The youngsters are enthusiastic about the benefits that the road promises, since it would allow them to sell their products in a simpler way, as well as to access the city at a low cost, mainly in case of emergencies. In the past, the only access to the city was by an expensive flight or a hard walk: "Before, one would walk for five days through the jungle to get to the city," says Julian Illanes, one of the former leaders of the Achuar Nationality of Ecuador (NAE).
It is unquestionable that the road has advantages for the community in terms of access to the city. The problem is that it also allows the arrival of outsiders interested in the natural resources and, once money becomes a necessity for the community, the fastest way to get it is to sell these resources.
"Now many of us are seeing the economic need. Everyone says 'out of necessity I do this'. Before there was need, but not so much. Before just having the clothes and the machete was enough," says Aurelio.
From the NAE, they clearly see how timber extraction poses a threat to the community, not only in terms of resources but also in terms of culture. "The first impact we face is the logging companies.
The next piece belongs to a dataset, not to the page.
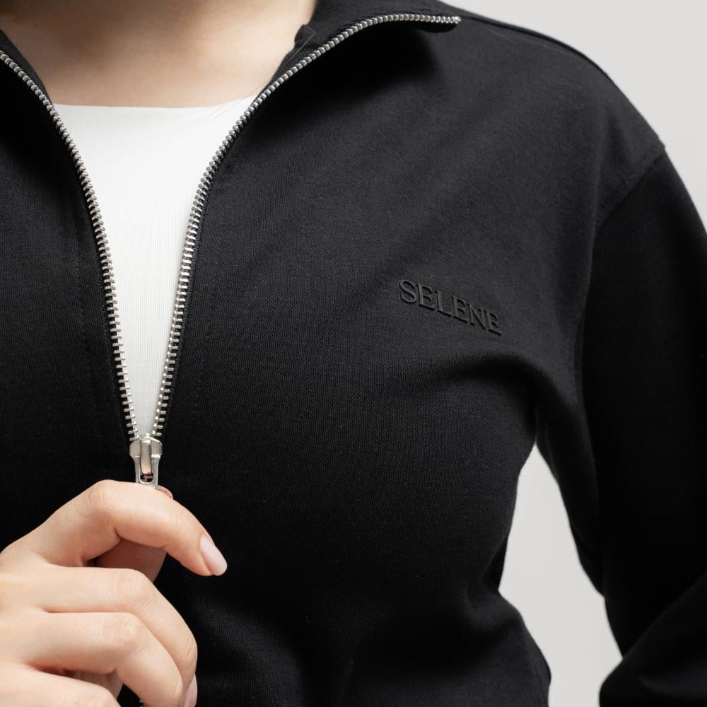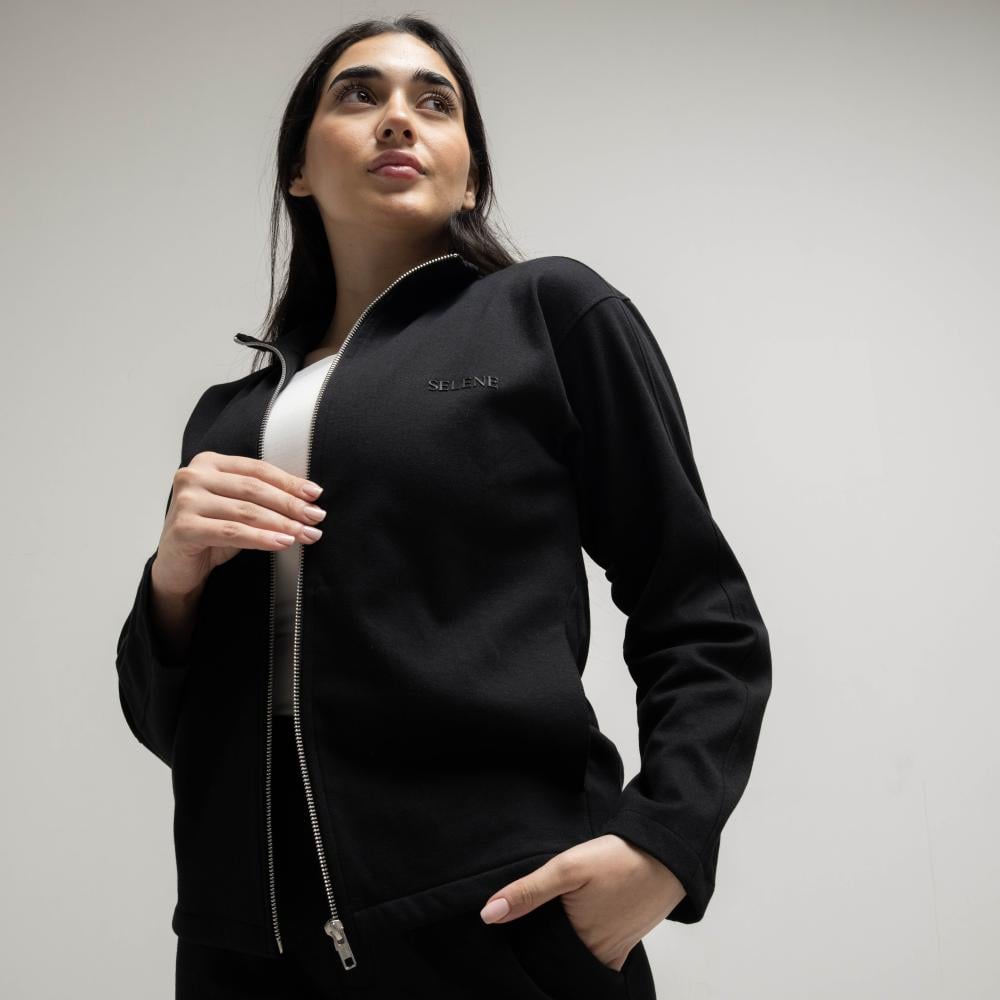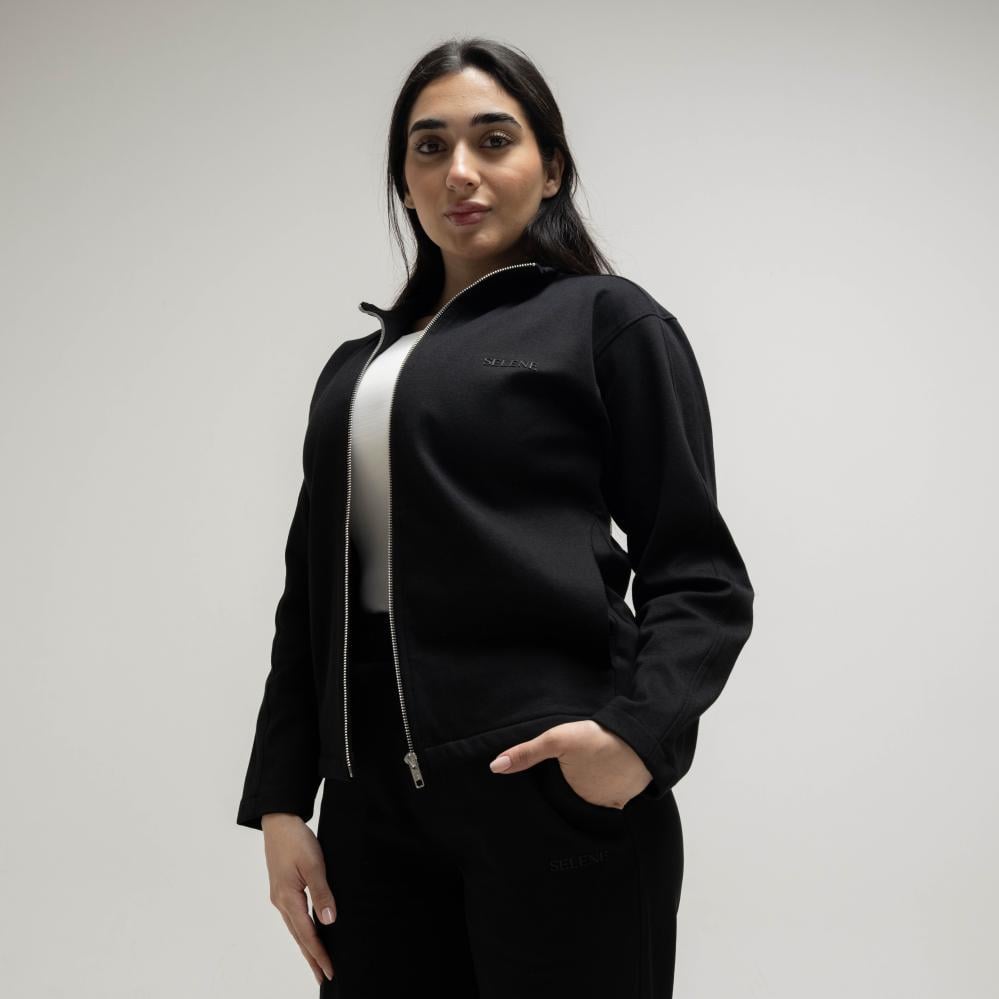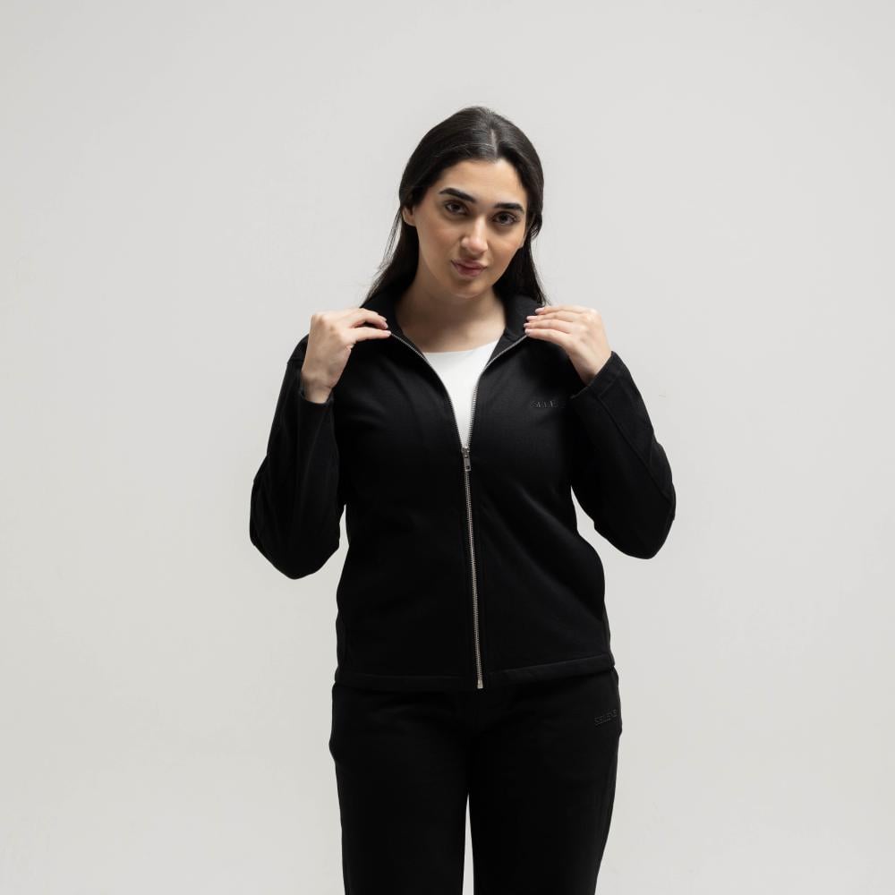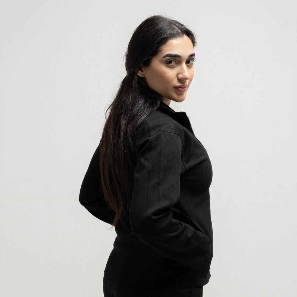 جاكيت نسائي مصنوع من قماش البيكيه أزرق بسحاب كامل — 83% قطن و17% بوليستر لنعومة ومتَانة تدوم.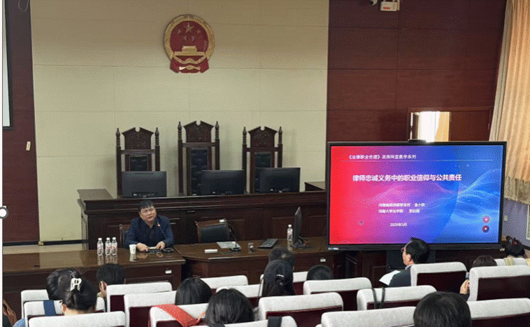 3月25日上午,我院研究生《法律职业伦理》双师同堂教学系列第一讲在模拟法庭举行。课程邀请实务专家河南城梁律师事务所主任金小新律师,围绕“律师忠诚义务的职业信仰与公共责任”这一主题作精彩演讲。国产精品被❌❌❌2023级、2024级法律硕士参加课程。

We have many ideas and alternatives, but the logging company has been quicker to offer people money." Tiyua Uyunkar, President of the NAE, says: "We are following the necessary parameters for the total blockade of these companies, but the Ministry of the Environment has done absolutely nothing. It has said that this commercialization of balsa wood does not have so many restrictions, so we have not had support".
Formerly nomads, hunters and fishermen, today they are settled in a fixed territory. The traditional houses, with their wooden base and thick palm leaf roofs are gradually being replaced by new houses with sheet metal roofs, less insulating during the extreme heat of the Amazon summer and noisier in the rainy season. Agriculture is still practiced in the gardens, but hunting and fishing are gradually disappearing, to be replaced by products brought from the city. "Before there were enough fish to go around, not five or three, but two or three baskets, full. Today it is scarce, just like hunting. Before it was all jungle (...) now I see that in the Pastaza River there is so much motor canoe traffic making a racket every 10 minutes. It scares the fish away," says Aurelio.
Immersed in a rapidly changing context, culture is that intangible territory that absorbs the collateral damage of economic interaction in indigenous communities. This is where traditions are modernized and new ones are imported, but people go on with their lives. However, the greatest threat refers to the bond with the forest, with the territory. From here on, only time will tell whether this remains that common good indispensable for the sustenance of life or simply a finite resource capable of being quickly turned into money; for a short term.